So basically if we want to create an efficient sorting algorithm, we have to be able to reorder elements that are in different parts of the array. There are several such sorting algorithms that work on the O(n logn) Time Complexity. A very popular of them is merge sort algorithm, which is based on recursion. We can even solve using iterative method but it gets time consuming and lol yeah lengthy too !How does Merge Sort Algorithm Works ?
Merge Sort sorts a subarray array[ a . . . b ] as follows:
- If a=b, do not do anything, as a=b is nothing but the array has only one element inside it. Which means its already sorted.
- Calculate the position of the middle element: k =[(a+b)/2].
- Recursively Sort the subarray array[ a . . . k ].
- Now Recursively Sort the subarray array[ k+1 . . . b ].

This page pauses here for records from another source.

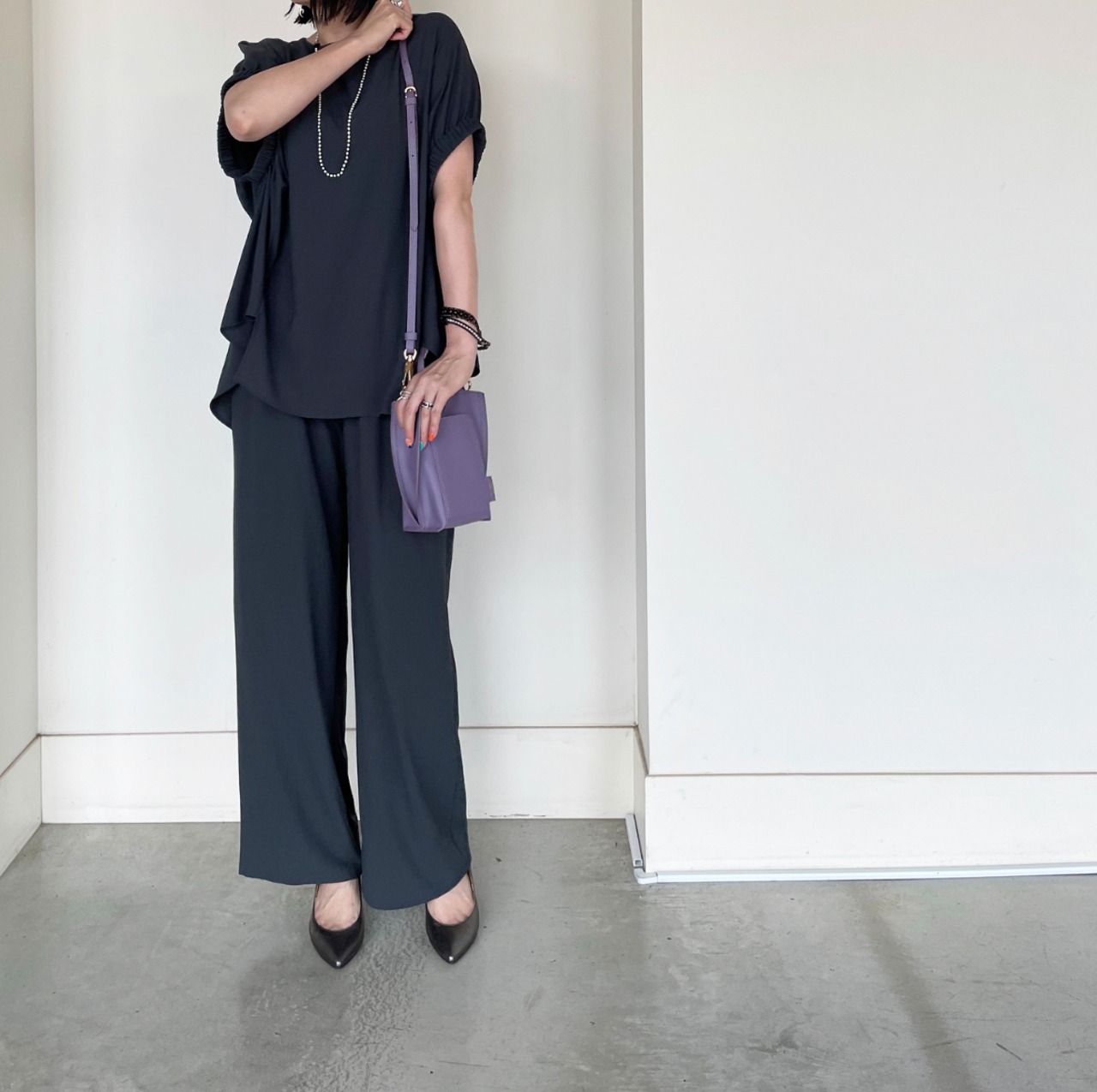 オトナの"秋"先取りコーデはこれで決まり!セットアップにもなっちゃう♪ カットソーイージーセミワイドパンツです。
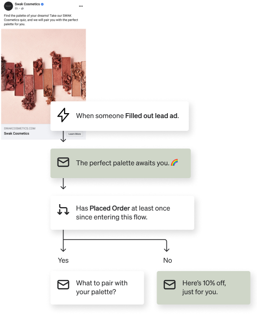 A golden rule of acquisition: fulfill the promises you make. ABC Agency builds a flow that sends once someone fills out SWAK's lead ad. They even split the flow based on if someone shops.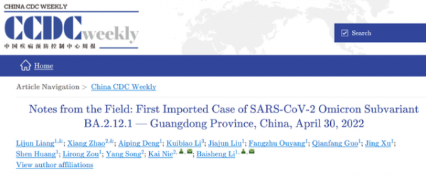 《中国疾病预防控制中心周报(英文)》5月16日报告了我国首例确诊感染新冠病毒“奥密克戎”亚型毒株“BA.2.12.1”的境外输入病例的具体情况。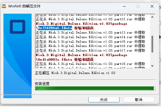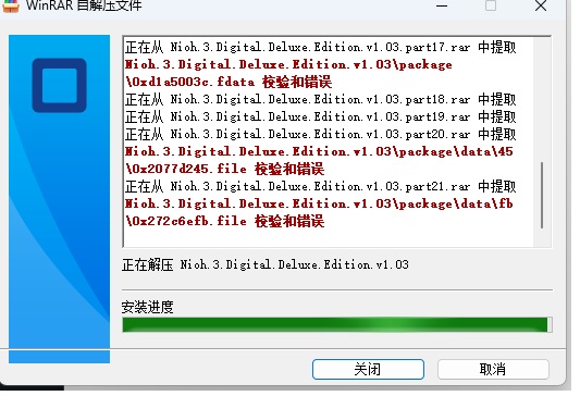 正在从 Nioh.3.Digital.Deluxe.Edition.v1.03.part21.rar 中提取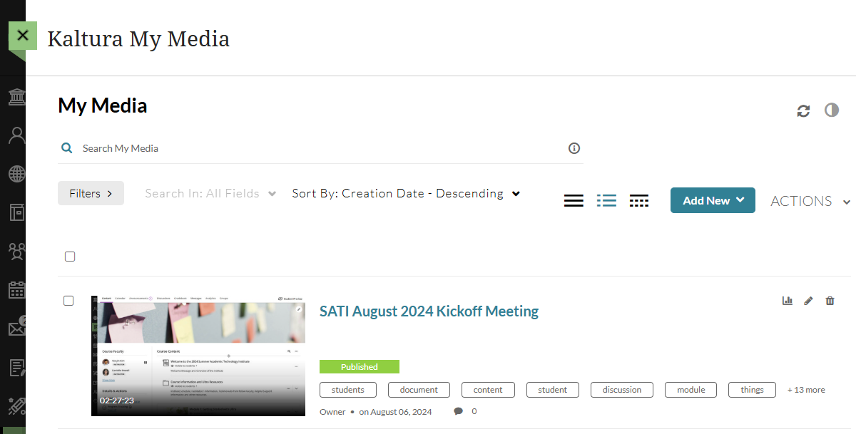 If you have older media (ex content created in or uploaded to Kaltura Media prior to August 2018) or recorded your media in a language other than English (ex French, German, Mandarin, Portuguese, Spanish, etc.) you can order captions from your Kaltura My Media.
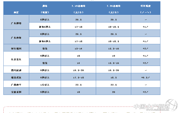 文/圖 杰大飼料、水產前沿實習編輯 李靜 聯合發布 中國水產頻道獨家報道,7月中旬,廣東已有少量加州鱸新魚陸續上市,預計8月中下旬將會出現大量上市,屆時是否會給廣東甚至全國加州鱸市場帶來大的沖擊?全國加州鱸價格是否將會面臨一輪洗牌?具體影響可能要看8月份廣東的出魚數量、規格及品質。小編在此提醒廣大養殖朋友們,天氣好的條件下,舊魚可以選擇適時清塘,以免受到新魚上市帶來的價格沖擊;新魚養殖不要太過心急,高溫天氣管理要穩,投料太猛很容易導致各種疾病暴發,得不償失。 華中,華東等地近期氣溫最高達39-40攝氏度,魚塘表層水溫達37攝氏度以上,同時各地藍藻暴發嚴重;華南地區則雨水頻繁,天氣極不穩定,這對加州鱸是一個嚴峻的考驗,建議有條件的適當補充地下水,加深水位,最好能達到3.5米以上。水質方面,近期病害高發,建議外源水質不好的地區謹慎換水,以調水為主,水體藍藻較多或pH高的魚塘,定期(10天左右)補充乳酸菌調節水質,控制pH不要超標,最好是現場發酵后使用。 病害方面,近期雨水較多水溫較高,寄生蟲開始明顯增加,一開始由中華錨頭蚤、孢子蟲引起導致的爛嘴爛尾只有個別幾條死魚,但如果沒有重視及早治療,不僅會導致加州鱸攝食量大幅減少,后期嚴重時還會引起大面積爛身病害,導致加州鱸大量死亡,7-9月需要養殖戶定時殺蟲預防,及時發現蟲害應盡早合理治療。每年高溫時期都是養殖加州鱸的難關,注意調節好水質,保證溶氧充足,定期預防病害。祝各位養殖戶朋友順利渡過難關,喜迎豐收! 各區域本周與上周出塘價對比: 廣東順德:舊魚存塘極少,只有零星幾塘舊魚未清塘,8兩上規格20.5元/斤。目前在順德有個別養殖密度比較疏的魚塘新魚上市,但數量極少,6兩上18-18.5元/斤,要1.1斤頭,但因為水溫較高,部分達到上市規格的魚塘還沒有開始出魚,主要擔心這段時間賣魚風險極高。隨著下月新魚逐漸上市,價格預計會有所回落。 廣東南海:沙頭舊加州20.5元/斤,與上周持平,主要市場需求量減少,舊魚每天收購量比前段時間減少很多,目前南海沙頭舊魚還有40塘左右存塘,預計到下月初會較多人考慮出魚或清塘,預計后市價格上升空間較小。 浙江湖州:統貨報價15.5-16元/斤。近期持續高溫,湖州地區存塘量也很少,幾乎出魚的養殖戶都是選擇賣統貨,避免挑標魚后出現大量損耗的風險。 江蘇吳江:吳江地區9兩上的報價是19元/斤。雖然有這個樣的價格,但是選擇出魚的養殖戶也幾乎都是賣統貨,而統貨的價格就根據打樣,魚塘里9兩上的成數來定價。目前大部分收購商品魚的碼頭已經開始休息。因為高溫季節,拉出去的商品魚,運輸過程中損耗太大。 四川成都:本周價格同上周依然持平,19.5-20元/斤,升幅速度減緩,這個價格已維持1個多月,同去年同期相比高2-3元,養戶多在觀望,預計還有上漲空間。 湖北武漢:9兩上今天報價18.5元/斤,比上周有所升高,但存塘量很少。 廣西南寧:1斤以上22.5元/斤,與上周持平,南寧周邊存塘量十萬斤左右,因為廣東已開始有少量新魚上市,預計后市不會再有明顯上漲,養殖戶出魚意愿增強。 安徽青陽:8兩以上20元/斤,與上周相比漲幅明顯,而且抓魚規格要求也沒有那么嚴格了。因為安徽地區近期溫度比較高,出魚時損耗較大,一般一網大小都抓走,每次出魚數量不多。高溫還會維持一段時間,預計魚價不會有太大波動。 公告 中國水產頻道從2017年開始收集和發布加州鱸報價及供求信息,發布的信息將會經過嚴格審核,有興趣提供報價或發布供求信息的可以掃描下方二維碼與筆者聯系(請注明地區+姓名+關注品種)。 征稿啟事:本欄目從即日起,誠征關于加州鱸種苗、飼料、養殖技術、病害及預防、案例分析等原創稿件,一經采用,有稿費酬謝! 投稿郵箱:sunshine@fishfirst.cn 轉載聲明 本文為“水產前沿”獨家稿件,版權合作,敬請聯系wx@fishfirst.cn。 |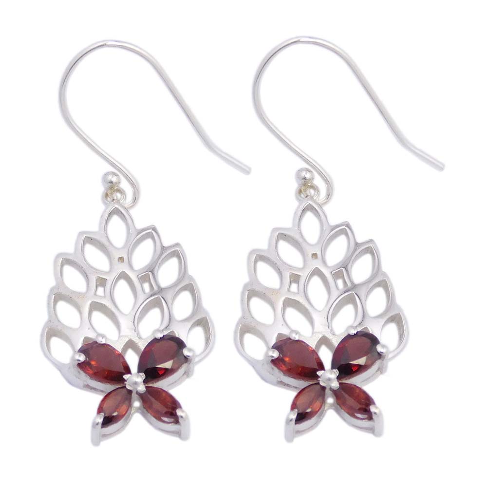 Earring Butterfly Drop With Garnet Stones And Cut Style Backdrop 4.5cm. Approx Weight Is 18 Grams 925 Sterling Silver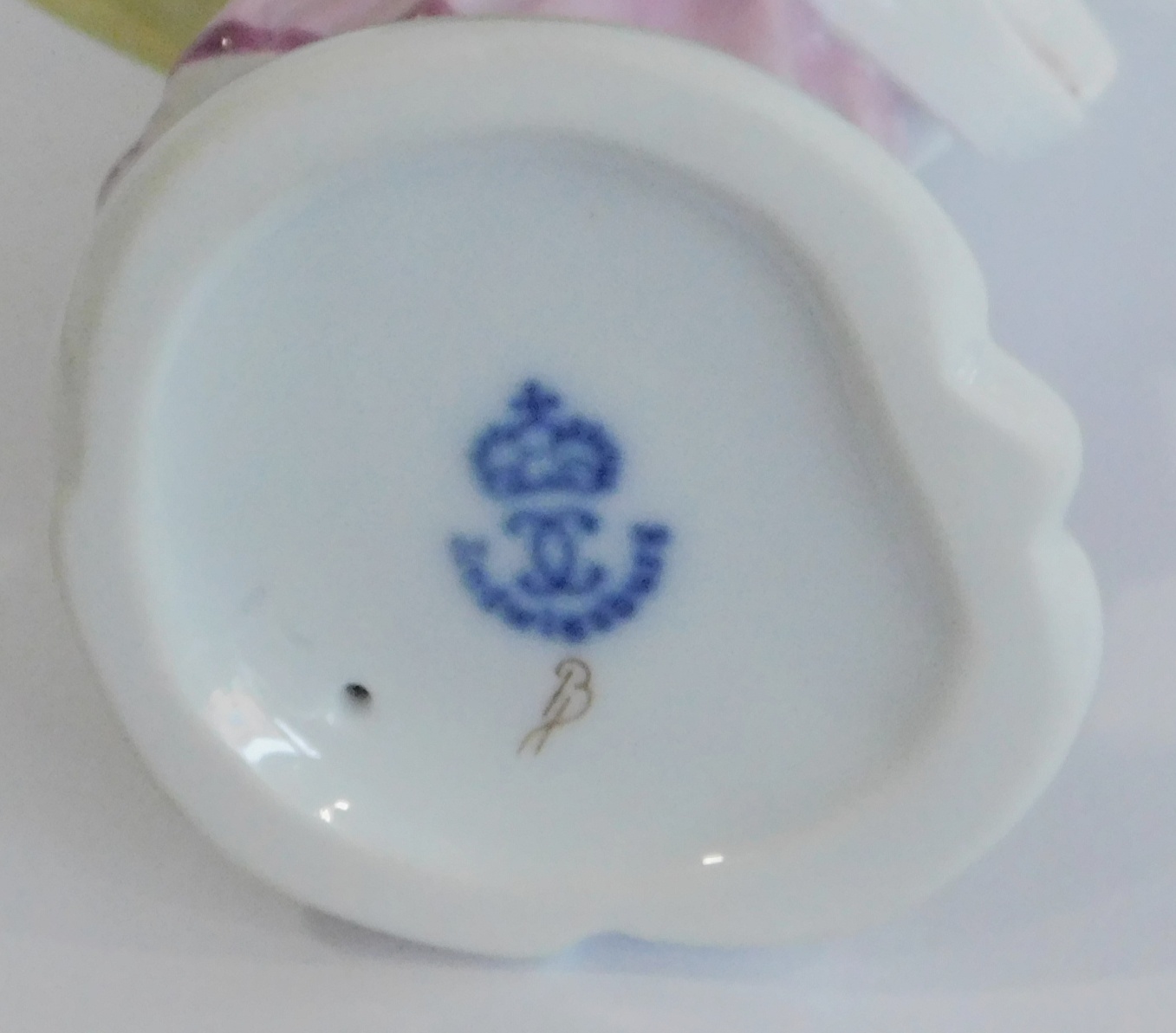 Dekorative Porzellanfigur Frau mit Bücherkorb, handbemalt, guter Zustand, Höhe ca. 15,5 cm, Gewicht ca. 173,7 Gramm.

- Finally now Merge the sorted subarrays array[ a . . . k ] and array[ k+1 . . . b ] into a sorted subarray array[ a . . . b ].
Divide & Conquer Strategy
Both merge sort and quicksort employ a common algorithmic paradigm based on recursion. This paradigm, divide-and-conquer, breaks a problem into subproblems that are similar to the original problem, recursively solves the subproblems, and finally combines the solutions to the subproblems to solve the original problem. Because divide-and-conquer solves subproblems recursively, each subproblem must be smaller than the original problem, and there must be a base case for subproblems.
You should think of a divide-and-conquer algorithm as having three parts:
- Divide the problem into a number of subproblems that are smaller instances of the same problem.
- Conquer the subproblems by solving them recursively. If they are small enough, solve the subproblems as base cases.
- Combine the solutions to the subproblems into the solution for the original problem.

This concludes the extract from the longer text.